Segment Open
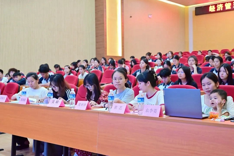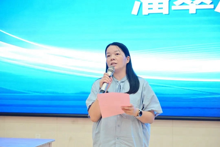 圖為經(jīng)濟管理學院黨支部副書記潘翠萍致辭
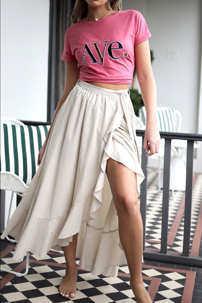Elastic waist with an optional tie it resembles a wrap skirt.
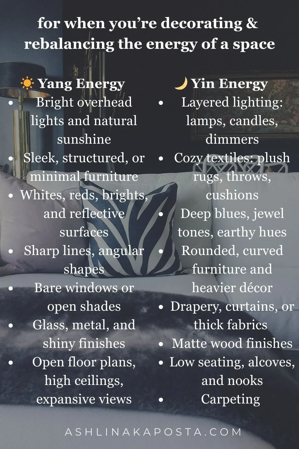 • Yin energy is the feminine force — soft, cool, calming, and nurturing. Think moonlight, cozy corners, and quiet moments of reflection.
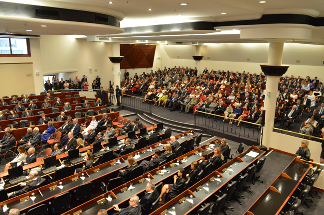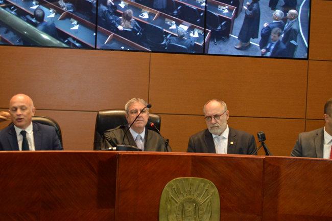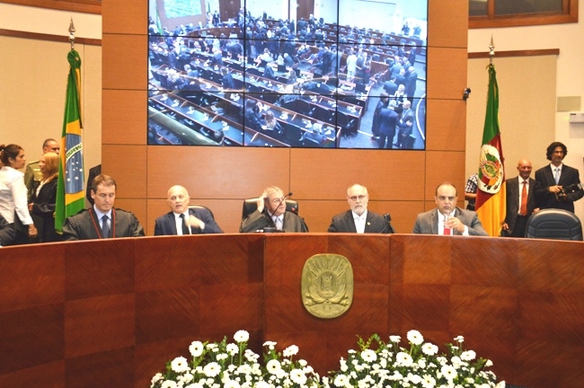 A solenidade foi aberta com discurso do presidente do TJ-RS durante o biênio de 2016-2018, desembargador Luiz Felipe Silveira Difini, que explicitou os feitos de sua gestão em relação à economia de recursos e à produtividade do TJ, ainda que o orçamento não fosse o ideal, segundo ele. “Diante dessa situação francamente adversa, não cedemos à desesperança, nem lamentamos decisões anteriores ao nosso período administrativo”, enfatizou o desembargador. Difini também comentou as dificuldades vividas pelo judiciário brasileiro em meio a uma crise “moral e política” no Brasil.
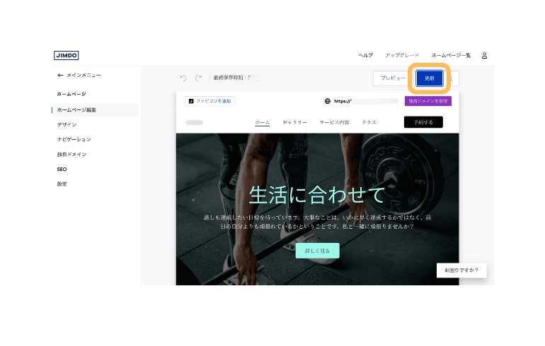 - STEP.6ドメインの登録後、詳細のレイアウトや、詳細の変更を行うことができます。 すべて一旦完了をしたら【更新】をクリックし、ホームページが簡単に作成されます。
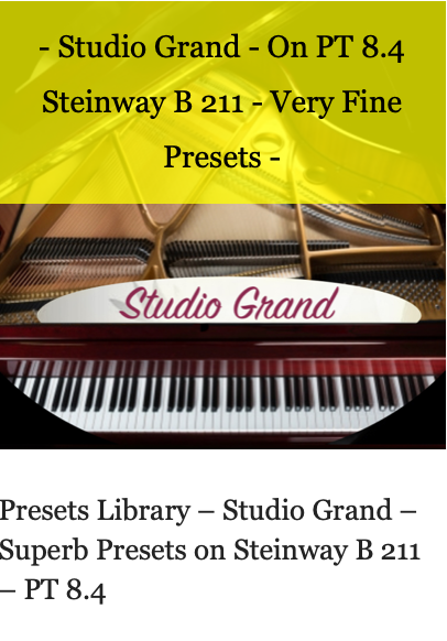 Many fine presets over 4 Categories with a unique sound on the Steinway B Studio Grand
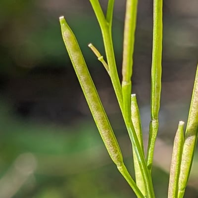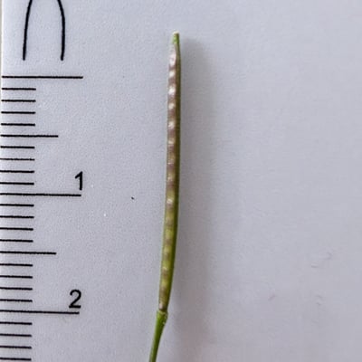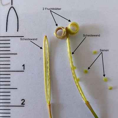 Die Frucht ist eine Schotenfrucht. Eine Schotenfrucht besteht aus zwei Fruchtblättern und einer dazwischenliegenden Scheidewand (siehe nächstes Bild). Schotenfrüchte, oder auch einfach "Schoten", sind typisch für die Familie der Brassicaceae (Kreuzblütler). Je nach Gattung können sie stabförmig sein wie im gezeigten Beispiel, oder abgeflacht wie beispielsweise bei den Mondviolen (Gattung Lunaria). Beim Kugelschötchen (Kernera saxatilis) sind sie gar kugelig. Die Fruchtform gibt demnach auch einen ersten Hinweis auf mögliche Gattungen.
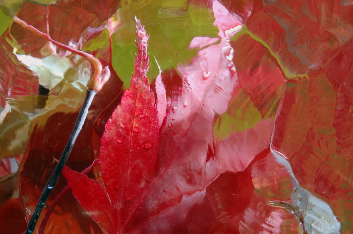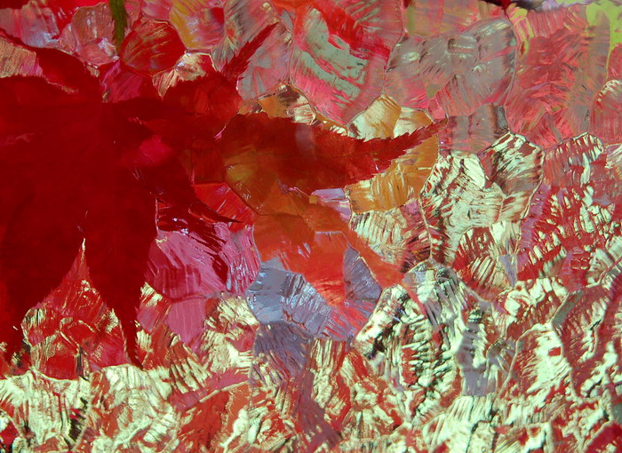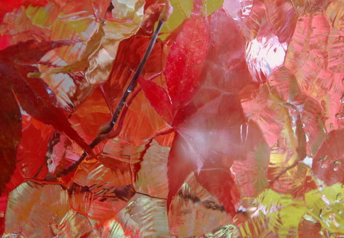 結晶狀的毛玻璃折射出很好的背景顏色,在可以辨識的秋葉左右,
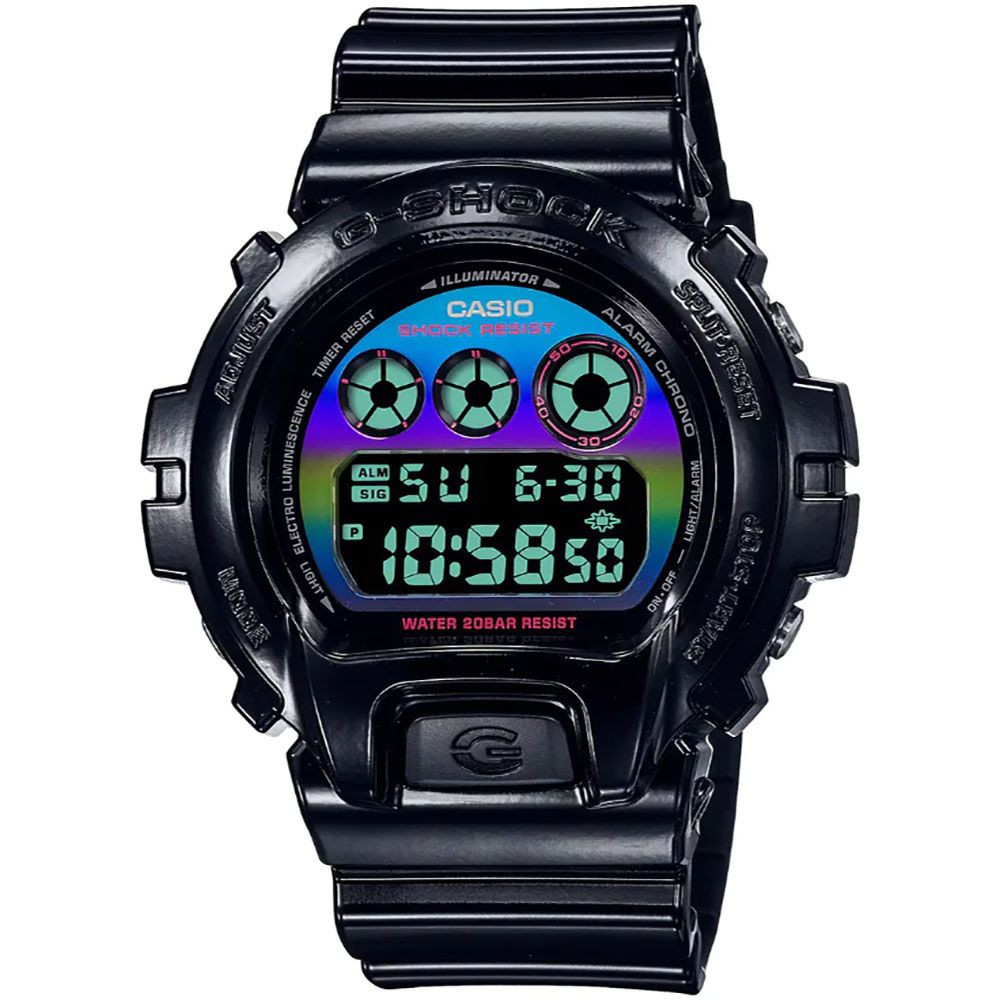 A Casio G-Shock Virtual Rainbow férfi karóra DW-6900RGB-1ER karóra házának anyaga Műanyag, színe Fekete, a szíjának anyaga Műanyag és a színe Fekete. Az óratok átmérője 50 mm, alakja Kerek. A karóra üvege Kristály (nehezen karcolható), szerkezete Kvarc és vízállósága 20 atm (200m) (búvárkodásra is alkalmas).
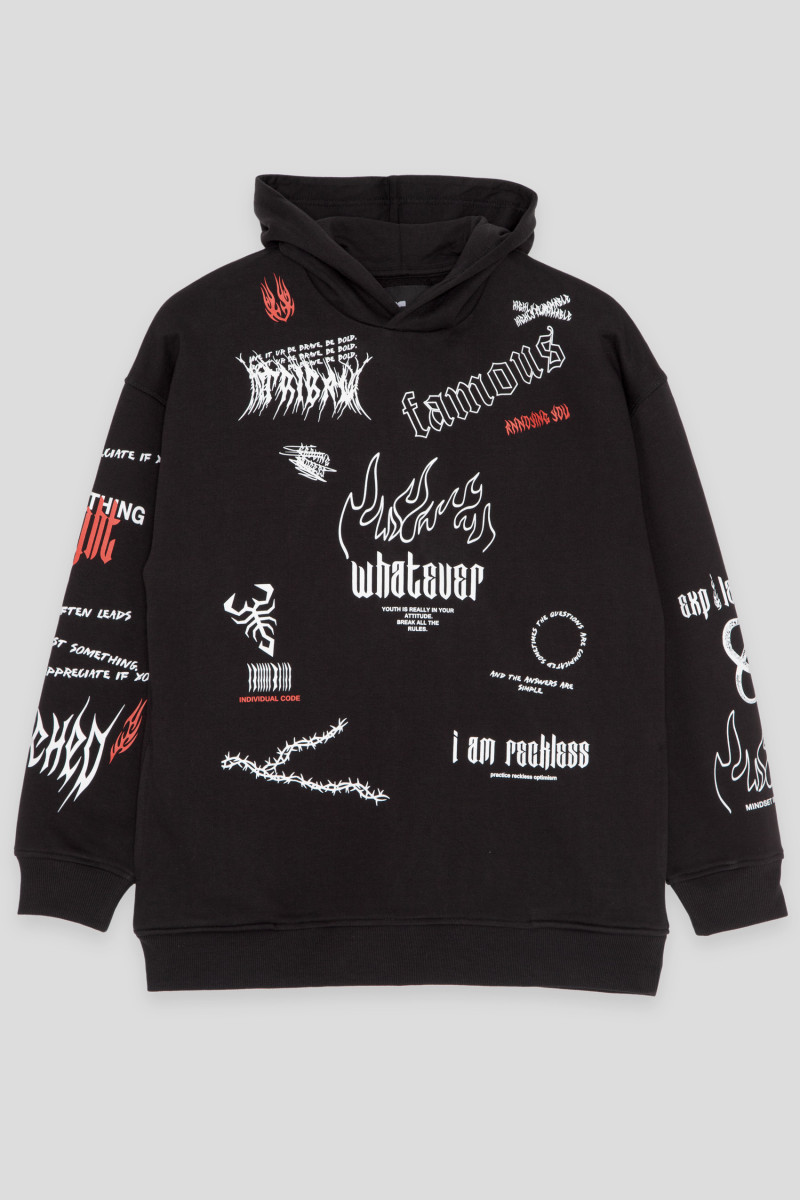 Czarna bluza REGULAR z kapturem z autorską grafiką z przodu
Segment Closed
▶ **Aim of the exercise**: Would you output the lines above from the line holding "moments of reflection." up to and including the line holding "A Casio G-Shock", exactly and only those, with no pictures?

▶ **Answer to this task**:
 • Yin energy is the feminine force — soft, cool, calming, and nurturing. Think moonlight, cozy corners, and quiet moments of reflection.
 A solenidade foi aberta com discurso do presidente do TJ-RS durante o biênio de 2016-2018, desembargador Luiz Felipe Silveira Difini, que explicitou os feitos de sua gestão em relação à economia de recursos e à produtividade do TJ, ainda que o orçamento não fosse o ideal, segundo ele. “Diante dessa situação francamente adversa, não cedemos à desesperança, nem lamentamos decisões anteriores ao nosso período administrativo”, enfatizou o desembargador. Difini também comentou as dificuldades vividas pelo judiciário brasileiro em meio a uma crise “moral e política” no Brasil.
 - STEP.6ドメインの登録後、詳細のレイアウトや、詳細の変更を行うことができます。 すべて一旦完了をしたら【更新】をクリックし、ホームページが簡単に作成されます。
 Many fine presets over 4 Categories with a unique sound on the Steinway B Studio Grand
 Die Frucht ist eine Schotenfrucht. Eine Schotenfrucht besteht aus zwei Fruchtblättern und einer dazwischenliegenden Scheidewand (siehe nächstes Bild). Schotenfrüchte, oder auch einfach "Schoten", sind typisch für die Familie der Brassicaceae (Kreuzblütler). Je nach Gattung können sie stabförmig sein wie im gezeigten Beispiel, oder abgeflacht wie beispielsweise bei den Mondviolen (Gattung Lunaria). Beim Kugelschötchen (Kernera saxatilis) sind sie gar kugelig. Die Fruchtform gibt demnach auch einen ersten Hinweis auf mögliche Gattungen.
 結晶狀的毛玻璃折射出很好的背景顏色,在可以辨識的秋葉左右,
 A Casio G-Shock Virtual Rainbow férfi karóra DW-6900RGB-1ER karóra házának anyaga Műanyag, színe Fekete, a szíjának anyaga Műanyag és a színe Fekete. Az óratok átmérője 50 mm, alakja Kerek. A karóra üvege Kristály (nehezen karcolható), szerkezete Kvarc és vízállósága 20 atm (200m) (búvárkodásra is alkalmas).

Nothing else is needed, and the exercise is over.